Data shown:
━━━━━━━━━━━━━━━━

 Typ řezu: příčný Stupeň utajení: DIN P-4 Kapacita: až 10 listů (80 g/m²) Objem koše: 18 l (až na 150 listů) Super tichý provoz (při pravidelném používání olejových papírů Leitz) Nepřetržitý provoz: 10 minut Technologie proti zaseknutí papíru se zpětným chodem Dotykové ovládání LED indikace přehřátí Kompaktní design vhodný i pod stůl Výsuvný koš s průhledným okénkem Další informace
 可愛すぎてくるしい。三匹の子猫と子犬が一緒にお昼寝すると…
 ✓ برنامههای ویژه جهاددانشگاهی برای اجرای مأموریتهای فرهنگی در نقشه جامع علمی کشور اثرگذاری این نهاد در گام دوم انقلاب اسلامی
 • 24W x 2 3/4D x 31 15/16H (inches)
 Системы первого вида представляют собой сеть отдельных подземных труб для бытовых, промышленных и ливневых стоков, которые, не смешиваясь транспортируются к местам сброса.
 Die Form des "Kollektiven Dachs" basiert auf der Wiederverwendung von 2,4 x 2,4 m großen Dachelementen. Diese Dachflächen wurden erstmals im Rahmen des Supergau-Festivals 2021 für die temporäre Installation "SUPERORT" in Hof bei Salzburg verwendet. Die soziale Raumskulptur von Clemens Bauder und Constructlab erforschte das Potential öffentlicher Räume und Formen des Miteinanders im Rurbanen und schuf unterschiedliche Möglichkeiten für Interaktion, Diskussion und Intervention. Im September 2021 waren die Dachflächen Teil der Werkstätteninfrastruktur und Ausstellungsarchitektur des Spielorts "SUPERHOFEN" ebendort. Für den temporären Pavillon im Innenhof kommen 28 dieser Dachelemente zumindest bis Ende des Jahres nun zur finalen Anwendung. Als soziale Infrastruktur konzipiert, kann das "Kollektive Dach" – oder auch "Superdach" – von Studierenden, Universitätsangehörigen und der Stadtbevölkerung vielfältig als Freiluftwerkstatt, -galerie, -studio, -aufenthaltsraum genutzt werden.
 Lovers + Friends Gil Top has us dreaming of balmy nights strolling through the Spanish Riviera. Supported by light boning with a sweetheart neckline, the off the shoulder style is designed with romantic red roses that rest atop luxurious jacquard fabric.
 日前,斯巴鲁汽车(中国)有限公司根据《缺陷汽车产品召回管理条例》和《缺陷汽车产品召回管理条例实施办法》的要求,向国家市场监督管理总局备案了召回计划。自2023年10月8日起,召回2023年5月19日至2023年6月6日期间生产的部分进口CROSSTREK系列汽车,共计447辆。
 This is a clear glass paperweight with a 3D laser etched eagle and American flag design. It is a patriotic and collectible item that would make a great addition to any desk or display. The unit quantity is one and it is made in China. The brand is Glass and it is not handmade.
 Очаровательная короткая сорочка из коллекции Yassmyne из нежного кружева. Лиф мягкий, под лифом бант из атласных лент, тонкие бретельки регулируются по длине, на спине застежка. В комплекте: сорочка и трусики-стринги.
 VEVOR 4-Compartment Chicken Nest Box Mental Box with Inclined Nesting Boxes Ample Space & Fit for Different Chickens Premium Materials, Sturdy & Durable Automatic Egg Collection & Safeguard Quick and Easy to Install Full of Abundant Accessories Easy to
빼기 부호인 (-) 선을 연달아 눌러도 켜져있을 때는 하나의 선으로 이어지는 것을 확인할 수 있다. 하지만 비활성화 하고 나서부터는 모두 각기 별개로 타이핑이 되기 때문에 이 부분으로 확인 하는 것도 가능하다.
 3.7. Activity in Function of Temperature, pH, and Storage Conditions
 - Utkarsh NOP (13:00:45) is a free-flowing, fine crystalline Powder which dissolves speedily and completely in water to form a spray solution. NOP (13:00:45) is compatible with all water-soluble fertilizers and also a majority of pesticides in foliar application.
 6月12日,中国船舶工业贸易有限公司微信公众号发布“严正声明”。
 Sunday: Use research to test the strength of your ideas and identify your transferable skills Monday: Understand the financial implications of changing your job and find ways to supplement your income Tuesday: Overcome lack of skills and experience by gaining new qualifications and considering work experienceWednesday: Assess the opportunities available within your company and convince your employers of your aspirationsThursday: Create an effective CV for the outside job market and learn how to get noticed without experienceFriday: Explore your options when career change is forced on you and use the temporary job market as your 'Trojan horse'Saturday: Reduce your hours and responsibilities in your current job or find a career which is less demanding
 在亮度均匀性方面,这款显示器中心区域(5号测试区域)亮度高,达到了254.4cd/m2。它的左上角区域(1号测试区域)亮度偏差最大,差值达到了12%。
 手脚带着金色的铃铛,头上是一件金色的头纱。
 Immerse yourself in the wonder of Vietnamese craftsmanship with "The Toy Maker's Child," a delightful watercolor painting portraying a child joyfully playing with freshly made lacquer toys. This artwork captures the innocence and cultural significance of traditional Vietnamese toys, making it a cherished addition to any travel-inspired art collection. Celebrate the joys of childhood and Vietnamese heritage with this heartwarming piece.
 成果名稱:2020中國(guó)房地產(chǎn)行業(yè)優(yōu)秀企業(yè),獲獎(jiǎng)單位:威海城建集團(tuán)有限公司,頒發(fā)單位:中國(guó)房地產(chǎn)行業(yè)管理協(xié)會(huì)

━━━━━━━━━━━━━━━━

Exercise prompt: Check every line in the entries for the word "made". State how many have it, with no other text.

Written answer: 2